Nothing quite rocks our world like a certifiable natural disaster.
And this year has seen quite a few, including the Derecho, a severe thunderstorm complex that roared through the Mid-Atlantic and Midwest in June, the drought that decimated crops and livestock in the central U.S., the heat wave that killed more than 82 and now, the newest member of the club, Hurricane Sandy, aka Frankenstorm.
“A Region Crippled. Northeast Suffers Flooding and Huge Damage in Storm’s Path; Millions Without Power,” the New York Times headline reads the day after Hurricane Sandy slammed into the East Coast. That’s 8,000,000 people without power and at least 150 people dead overall. Odds are, those numbers will rise.
This was one time when the media did not over-hype the coming event. In fact, Sandy seems to have exceeded expectations as far as destructive power goes. As I write this, she’s still working her way north and west, gradually growing weaker, thank God.
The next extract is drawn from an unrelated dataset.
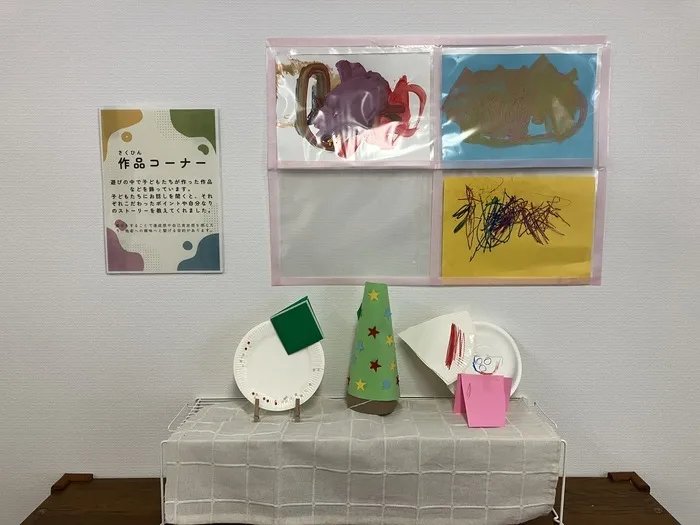 エデュリーでは子どもたちが作ったものを「作品コーナー」に展示しています。

Full disclosure: I left my home on Fire Island on Sunday morning as the storm approached, and I have no idea what shape it’s in. I probably won’t know for days. But I’m lucky enough to be sheltering in a place that’s warm, dry and has electricity.
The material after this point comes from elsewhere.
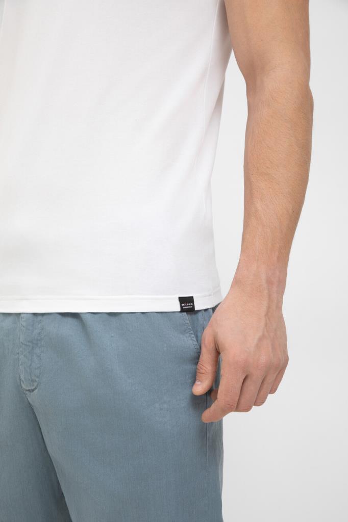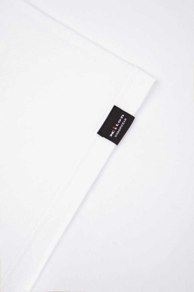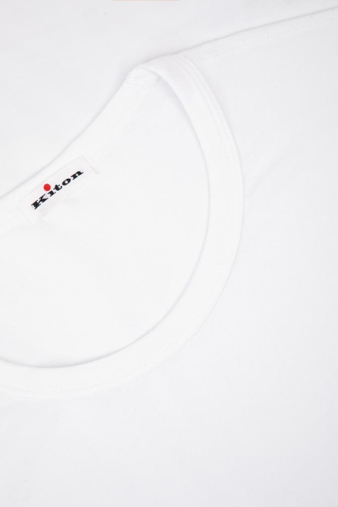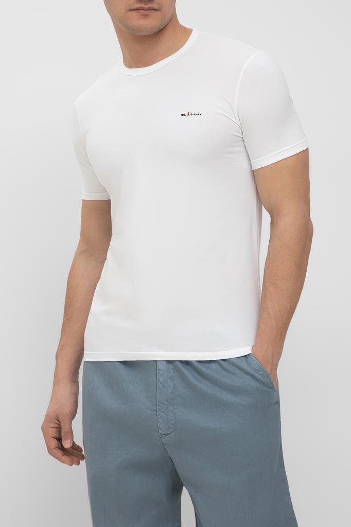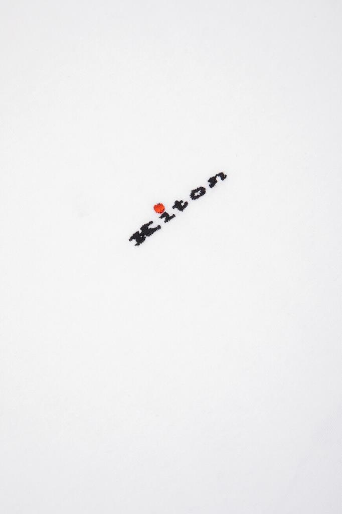 Белая футболка прямого силуэта от бренда Kiton. Для создания модели используется стрейчевое хлопковое джерси с гладкой текстурой. Сложный процесс создания каждого изделия включает более двадцати операций, большая часть которых выполняется вручную. Футболка с круглым вырезом горловины на резинке украшена спереди вышитым контрастным логотипом. Модель станет удобной базой для создания повседневных комплектов.

I left a lot of things back in that house. Furniture, clothes, gadgets, TVs, cookware, artwork… you know, stuff. Some of it I thought I was pretty attached to. But right now, sitting here with my husband and our two rescue cats, there isn’t a single thing that wish I’d gone back for.
It may sound like a cliché – well, let’s face it, clichés exist for a reason – but when disasters of this magnitude strike, you do learn what really matters to you.
Our hearts go out to any and all who suffered during this and the other disasters we’ve seen in 2012. For those of you who’d like to provide a hand to your neighbors, however distant, please visit the American Red Cross website.